I hope you are hanging in there. We are almost halfway done, just a week away, and I pray that these readings are not becoming a drudgery but rather something to which you look forward every day. We find ourselves on Palm Sunday again and the story of the preparation of the colt is somewhat different, and little more understandable. Apparently everyone knew who Jesus was and so the explanation that Jesus needs it and “will send it back immediately” is not far fetched at all.
The timing of Mark is also a little bit different as he goes into the temple after he rides into Jerusalem and just kind of looks around (vs.11). It isn’t until the next day that he enters Jerusalem and drives out the money changers. The commentary on the religious leaders is that they were looking to kill Jesus but hesitated because the crowds were “spellbound by his teaching.” That’s quite a claim. Jesus was able to teach in such a way that people were personally affected. They were spellbound, is what the Scripture tells us.

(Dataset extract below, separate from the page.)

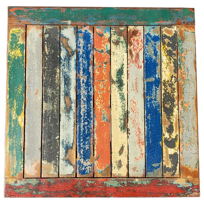 The skiffs used to make these pieces have been used for many years to catch fish that would be sold later in the day to the local markets. The wide variety of colors in the top make them easy to use in a space that is already full of color, or this side table may just be that special pop of color you have been looking for. No matter where you live, this side table will be a welcomed addition to your current decorating style.
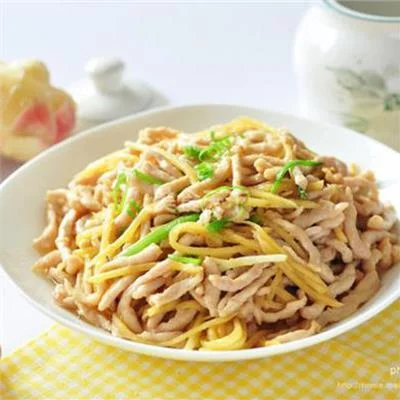 2.净炒勺坐旺火,放净油烧热,下入肉丝,放葱末,煸炒至发白色,烹料酒、酱360百科油,加味精、盐找口,下姜丝翻炒入味,淋香油出勺装平盘。

If you look at vs. 25 you see Jesus’ addendum to what we must do in order to have our prayers answered. We must forgive. Maybe, just maybe, the reason that God doesn’t answer our prayers is because we are unwilling to forgive someone and that keeps us from being heard from God. Okay, God hears, we know that. But here in this verse we are told that every time that we stand and pray, we must forgive. Hear this Scripture well. It does not say that we must ask for forgiveness, but it says that we must forgive. This is far more difficult than asking for forgiveness. We can always approach God with our sin in silence and no one is the better for it and ask for forgiveness. But to actually identify someone who hurt us, who took actions that were insulting to us, who really gets under our skin and forgive them, that’s a whole different story. Answered prayer, it seems them, is impingent upon our forgiving those against whom we have something.